##### DATASET
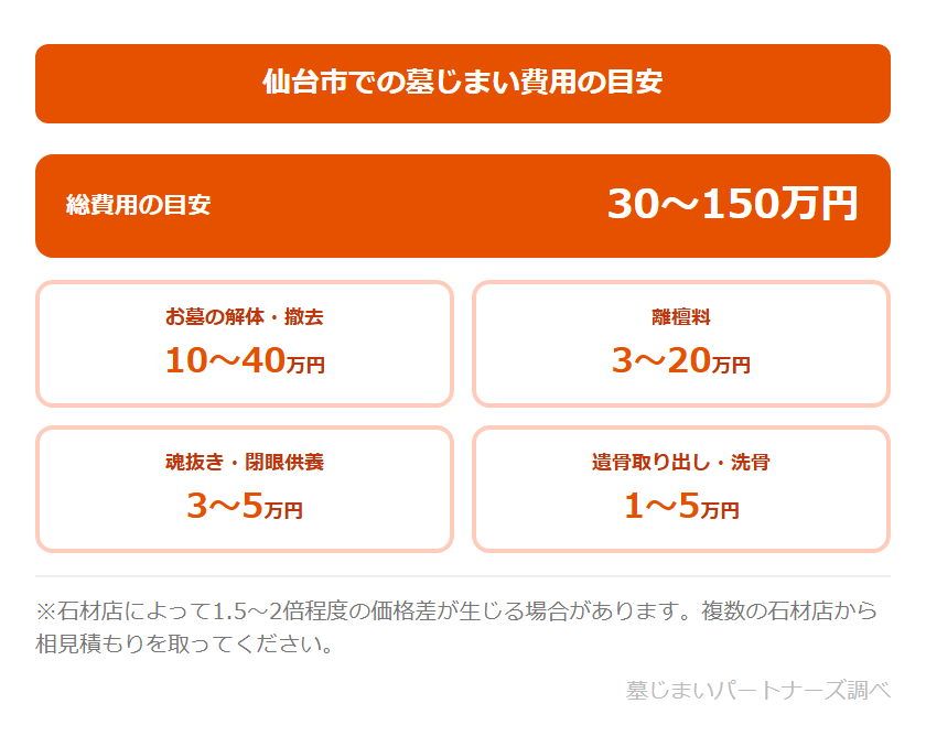 離檀料・石材店への解体費用・改葬先への費用を合わせると、30〜150万円程度になるケースが多いです。お寺のお墓か霊園かによって費用構成が異なります。複数の石材店から相見積もりを取ることで費用を抑えられる場合もあります。
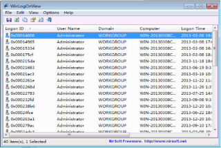 系统安全事件日志查看器,winlogonview是Windows Vista / 7 / 8 / 2008,分析了Windows操作系统的安全事件日志的一个简单的工具,并检测到登录和注销用户的日期/时间。每一次,在一个用户登录/注销您的系统,显示以下信息:登录ID,用户名,领域,计算机,登录时间,退出时间,持续时间,和网络地址。
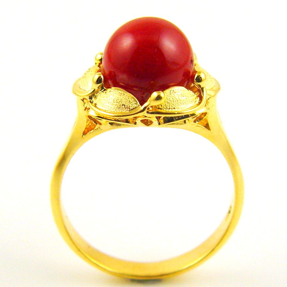 18K Gold Natural Red Coral Round Bead Gemstone Ring Fashionable Accessory
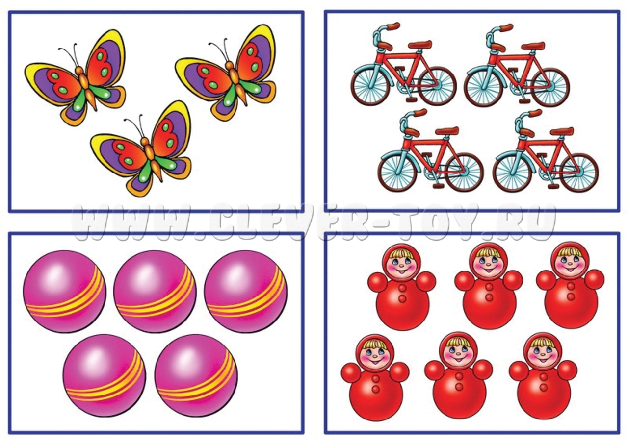 - Предложите детям к карточке с цифрой подобрать карточки с предметами и точками, количество которых соответствует обозначенной цифре;
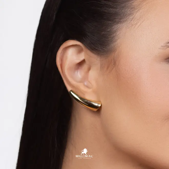 Brinco Curvado Liso Folheado a Ouro 18k
##########
> _WORK REQUIRED_: Write out every record exactly. Leave the pictures out.

> _TASK RESPONSE_:
 離檀料・石材店への解体費用・改葬先への費用を合わせると、30〜150万円程度になるケースが多いです。お寺のお墓か霊園かによって費用構成が異なります。複数の石材店から相見積もりを取ることで費用を抑えられる場合もあります。
 系统安全事件日志查看器,winlogonview是Windows Vista / 7 / 8 / 2008,分析了Windows操作系统的安全事件日志的一个简单的工具,并检测到登录和注销用户的日期/时间。每一次,在一个用户登录/注销您的系统,显示以下信息:登录ID,用户名,领域,计算机,登录时间,退出时间,持续时间,和网络地址。
 18K Gold Natural Red Coral Round Bead Gemstone Ring Fashionable Accessory
 - Предложите детям к карточке с цифрой подобрать карточки с предметами и точками, количество которых соответствует обозначенной цифре;
 Brinco Curvado Liso Folheado a Ouro 18k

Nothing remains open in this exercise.